- _EXERCISE PROMPT_
Only the lines below, from the one with "Details • Size" through the one with "Dit boek biedt", are to be written out, exactly.

- _ENTRIES SUPPLIED_
• • •
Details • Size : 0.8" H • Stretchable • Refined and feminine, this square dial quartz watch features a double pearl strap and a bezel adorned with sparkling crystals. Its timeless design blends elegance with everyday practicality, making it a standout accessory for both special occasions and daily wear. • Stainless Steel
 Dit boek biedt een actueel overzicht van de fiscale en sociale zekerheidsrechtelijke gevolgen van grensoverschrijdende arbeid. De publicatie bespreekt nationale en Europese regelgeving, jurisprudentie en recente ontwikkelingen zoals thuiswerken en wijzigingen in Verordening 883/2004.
• • •
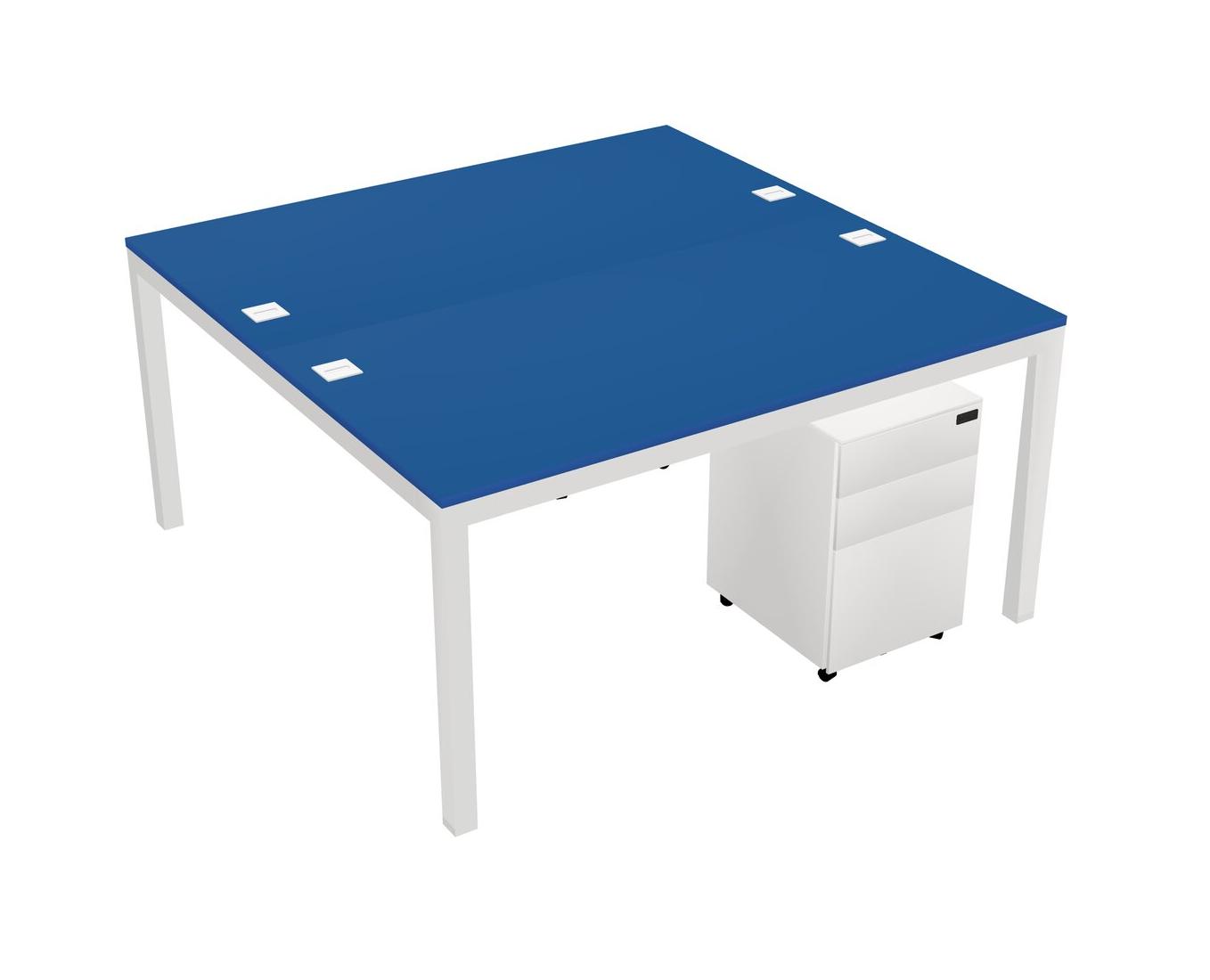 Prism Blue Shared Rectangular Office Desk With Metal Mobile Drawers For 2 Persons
• • •
- _ANSWER SECTION_
Details • Size : 0.8" H • Stretchable • Refined and feminine, this square dial quartz watch features a double pearl strap and a bezel adorned with sparkling crystals. Its timeless design blends elegance with everyday practicality, making it a standout accessory for both special occasions and daily wear. • Stainless Steel
 Dit boek biedt een actueel overzicht van de fiscale en sociale zekerheidsrechtelijke gevolgen van grensoverschrijdende arbeid. De publicatie bespreekt nationale en Europese regelgeving, jurisprudentie en recente ontwikkelingen zoals thuiswerken en wijzigingen in Verordening 883/2004.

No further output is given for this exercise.